Department of Health Outcomes and Biomedical Informatics.
Cancer Informatics Shared Resources, University of Florida Health Cancer Center, University of Florida, Gainesville, Florida, USA.
AMIA Annu Symp Proc. 2022 Feb 21;2021:1225-1233. eCollection 2021.
Social and behavioral determinants of health (SBDoH) have important roles in shaping people's health. In clinical research studies, especially comparative effectiveness studies, failure to adjust for SBDoH factors will potentially cause confounding issues and misclassification errors in either statistical analyses and machine learning-based models. However, there are limited studies to examine SBDoH factors in clinical outcomes due to the lack of structured SBDoH information in current electronic health record (EHR) systems, while much of the SBDoH information is documented in clinical narratives. Natural language processing (NLP) is thus the key technology to extract such information from unstructured clinical text. However, there is not a mature clinical NLP system focusing on SBDoH. In this study, we examined two state-of-the-art transformer-based NLP models, including BERT and RoBERTa, to extract SBDoH concepts from clinical narratives, applied the best performing model to extract SBDoH concepts on a lung cancer screening patient cohort, and examined the difference of SBDoH information between NLP extracted results and structured EHRs (SBDoH information captured in standard vocabularies such as the International Classification of Diseases codes). The experimental results show that the BERT-based NLP model achieved the best strict/lenient F1-score of 0.8791 and 0.8999, respectively. The comparison between NLP extracted SBDoH information and structured EHRs in the lung cancer patient cohort of 864 patients with 161,933 various types of clinical notes showed that much more detailed information about smoking, education, and employment were only captured in clinical narratives and that it is necessary to use both clinical narratives and structured EHRs to construct a more complete picture of patients' SBDoH factors.

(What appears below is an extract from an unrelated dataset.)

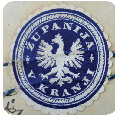
18. Pečatna nalepka s konca 19. stoletja (ZAL KRA 2, a. e. 4145).

Benesch's coat of arms in a veduta around 1895 (NMS, inventory number R-330).

社会和行为决定因素(Social and behavioral determinants of health,SBDoH)对塑造人们的健康起着重要作用。在临床研究中,尤其是在比较疗效研究中,如果不调整 SBDoH 因素,将在统计分析和基于机器学习的模型中造成混淆问题和分类错误。然而,由于当前电子健康记录(Electronic health record,EHR)系统中缺乏结构化的 SBDoH 信息,以及大部分 SBDoH 信息都记录在临床叙述中,因此很少有研究关注临床结局中的 SBDoH 因素。自然语言处理(Natural language processing,NLP)是从非结构化临床文本中提取此类信息的关键技术。然而,目前还没有一个成熟的专注于 SBDoH 的临床 NLP 系统。在这项研究中,我们检查了两种最先进的基于转换器的 NLP 模型,包括 BERT 和 RoBERTa,以从临床叙述中提取 SBDoH 概念,应用表现最好的模型从一个肺癌筛查患者队列中提取 SBDoH 概念,并检查了 NLP 提取结果与结构化 EHR(使用国际疾病分类代码等标准词汇表捕获的 SBDoH 信息)之间的 SBDoH 信息差异。实验结果表明,基于 BERT 的 NLP 模型分别达到了最佳的严格/宽松 F1 得分为 0.8791 和 0.8999。在 864 名肺癌患者队列中,对 161933 种不同类型的临床笔记进行的比较显示,NLP 提取的 SBDoH 信息与结构化 EHRs 之间,仅在临床叙述中才能捕捉到更多关于吸烟、教育和就业的详细信息,因此有必要同时使用临床叙述和结构化 EHRs,以构建更完整的患者 SBDoH 因素图景。